Adaptação da Classificação Decimal de Dewey para o acervo infantojuvenil da Biblioteca Municipal de Marília “João Mesquita Valença”: uma experiência bem-sucedida
DOI:
https://doi.org/10.11606/issn.2238-5894.berev.2024.225950Palavras-chave:
Organização de acervos, Localização autônoma, Adaptação de classificação, Acervo infantojuvenil, Bibliotecas PúblicasResumo
A Biblioteca Municipal de Marília “João Mesquita Valença” é um centro de informação que oferece materiais atualizados em diversas línguas e adaptados. Com um acervo diversificado, a Biblioteca atende diversos usuários, incluindo jovens leitores que representam cerca de 16% dos leitores. Esses jovens têm acesso a uma coleção específica, organizada por uma classificação exclusiva que foi experimentada e validada. A classificação desempenha um papel crucial na organização e acessibilidade dos acervos, estabelecendo uma comunicação direta com os usuários. Contudo, sistemas tradicionais como a Classificação Decimal de Dewey podem limitar essa comunicação, especialmente para acervos infantojuvenis. A notação 028.5, geralmente usada para acervos infantis e juvenis, agrupa diversos gêneros e temas sem uma diferenciação clara, dificultando a localização autônoma das obras pelos jovens usuários.

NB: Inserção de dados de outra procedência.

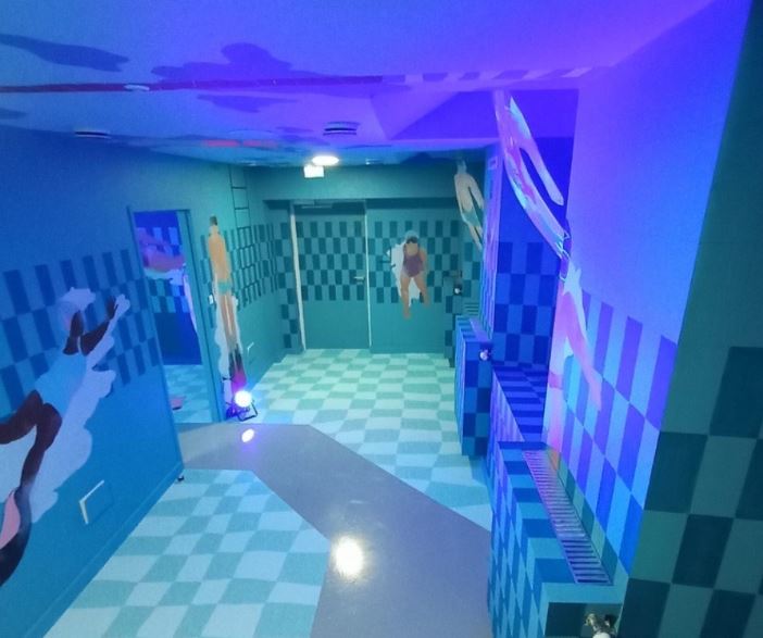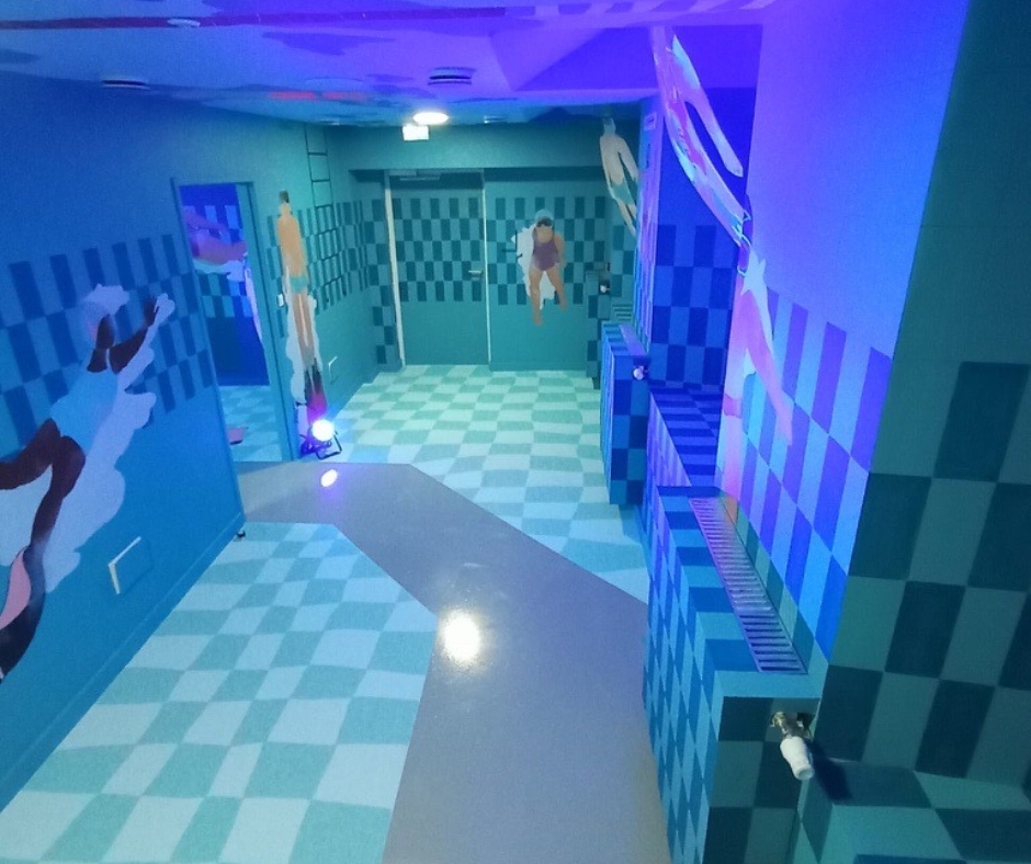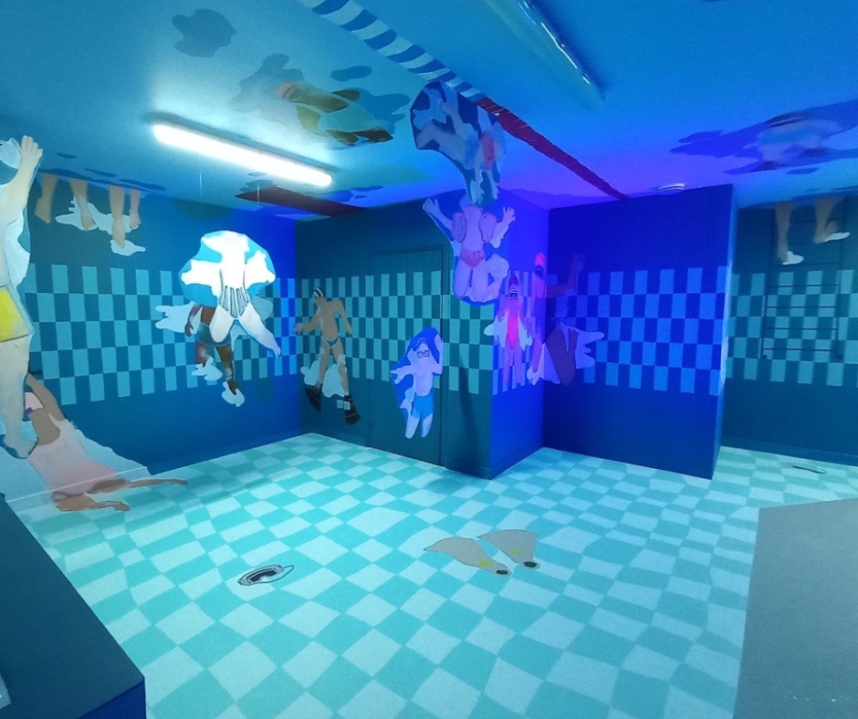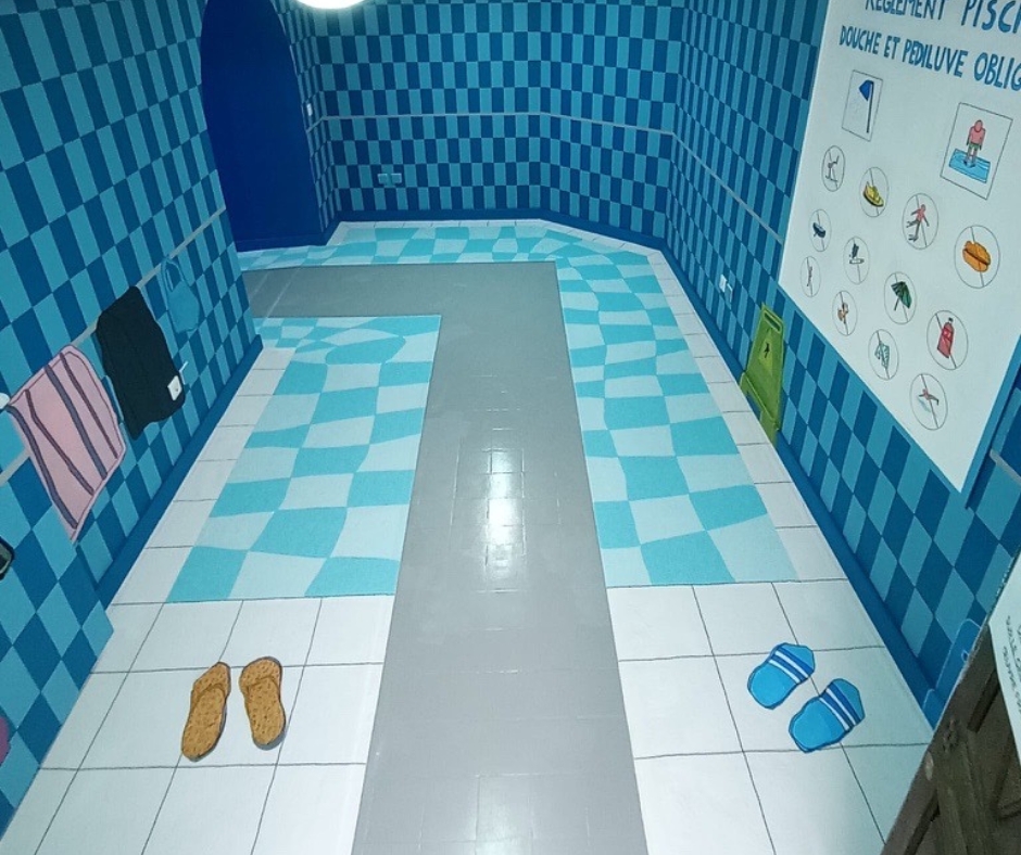 L’idée était de créer une piscine en peinture, directement sur les murs, dans un espace de 80m², des sols aux plafonds. Et donner l’illusion d’être dans un univers aquatique, sous l’eau ! Pour renforcer l’aspect immersif, la création en peinture a été couplée à une immersion olfactive et sonore.

Diante deste problema, observou-se que a classificação usada nas bibliotecas públicas brasileiras não atende plenamente às necessidades dos usuários infantis e juvenis. Com base em observações e relatos das bibliotecárias da Biblioteca Municipal de Marília, concluiu-se que a estrutura rígida da Classificação Decimal de Dewey necessitava de adaptação. Assim, o objetivo proposto foi a adaptação da classe 800 da Classificação Decimal de Dewey para melhorar a organização e acessibilidade dos acervos infantis e juvenis, facilitando a localização autônoma das obras por parte das crianças e jovens leitores. Esta adaptação buscou aperfeiçoar a utilização do acervo, promovendo uma melhor experiência de leitura e exploração na biblioteca.